No caso do contrato de compra e venda, o Código Civil estabelece que o distrato poderá ser feito caso haja inadimplemento da outra parte, isto é, caso o vendedor deixe de cumprir com o disposto em contrato. Porém, além desta disposição, o que será aplicável à relação jurídica é o que estiver escrito em contrato. Na hipótese de o contrato não prever situações que permitem o distrato, não será possível o desfazimento da venda sem a concordância do vendedor.
O que diz a jurisprudência?
Um dos pontos importantes do distrato é que a sua anulação somente ocorrerá a partir da análise do caso concreto, feita na Justiça.
Vejamos uma recente decisão do Tribunal de Justiça do Rio de Janeiro sobre o assunto, em que um comprador assinou o distrato, recebeu os valores e, dois anos após a celebração do ato, requereu a anulação:
APELAÇÃO CÍVEL. DIREITO DO CONSUMIDOR. AÇÃO DE RESCISÃO DE DISTRATO. CONTRATO DE PROMESSA DE COMPRA E VENDA DE IMÓVEL. RESILIÇÃO UNILATERAL (DESISTÊNCIA) POR PARTE DO PROMITENTE COMPRADOR. AUSÊNCIA DE MORA DA PARTE RÉ. Autor que desistiu da compra de imóvel e firmou distrato com a ré. Autor que pretende anulação do distrato.
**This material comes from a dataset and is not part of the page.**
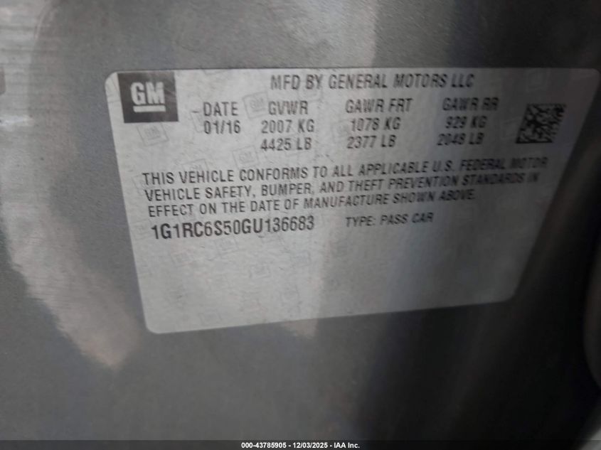 2016 CHEVROLET VOLT 2016 року Гібрид, 1.5, Передній привід, vin - 1G1RC6S50GU136683 з США
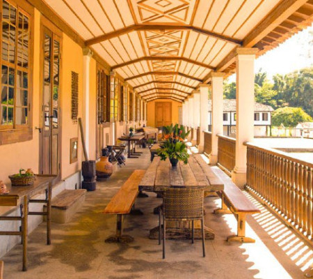 CASARÃO - Em Itapira (SP), por sua vez, a Fazenda Águas Claras, datada de 1870 e que serviu de lar para imigrantes italianos que vieram trabalhar com a produção de café na época, proporciona ao visitante vivenciar a fabricação do produto, além de se hospedar em acomodações de estilo colonial e aproveitar várias opções de lazer. No local, adaptado ao turismo rural, a antiga Casa Sede foi cuidadosamente restaurada, preservando as características originais. A rusticidade das madeiras nobres aparentes e os altos-relevos das portas e janelas transmitem a sensação de estar em um casarão histórico.

Sentença anulando o distrato e condenando a parte ré na restituição de 80% da quantia paga pelo autor, corrigidos monetariamente do desembolso e com juros contados da citação. Apelação da parte ré. Sentença que se reforma. O Superior Tribunal de Justiça entende pela possibilidade de resilição do compromisso de compra e venda por parte do comprador quando não for suportável o adimplemento contratual, com imediata restituição de valores pagos. Autor que, no entanto, já obteve administrativamente dos promitentes vendedores o distrato, mas busca agora a anulação do mesmo. Instrumento particular de distrato convertendo os valores pagos em carta de crédito a ser utilizada obrigatoriamente na aquisição de imóvel de grupo econômico do qual a ré faz parte. Autor maior de idade, plenamente capaz e, supostamente, com bom nível de instrução. Cláusula contratual clara e expressa, que não deixa margem a dúvidas de como se dará a restituição dos valores pagos. Autor que, inexplicavelmente, somente dois anos após assinatura do distrato buscou o Judiciário para obter sua anulação sem demonstrar qualquer vício de consentimento ou onerosidade excessiva a justificar sua pretensão. Necessidade de observar os princípios gerais que regem os contratos, tais como o da boa fé e do pacta sunt servanda. Recurso conhecido e provido para julgar improcedentes os pedidos formulados pela parte autora, com inversão dos ônus sucumbenciais. (0069054-18.2018.8.19.0002 – APELAÇÃO. Des(a). RICARDO ALBERTO PEREIRA – Julgamento: 08/07/2021 – VIGÉSIMA CÂMARA CÍVEL)
Conclusão
A compra de um imóvel é uma situação que demanda que as partes tenham muita cautela e atenção às leis.
É por isso que, se você está adquirindo um imóvel já construído, principalmente vendido por um particular, é extremamente importante que a venda seja celebrada a partir de um contrato de venda e que o documento seja redigido e revisado por um advogado especialista no assunto.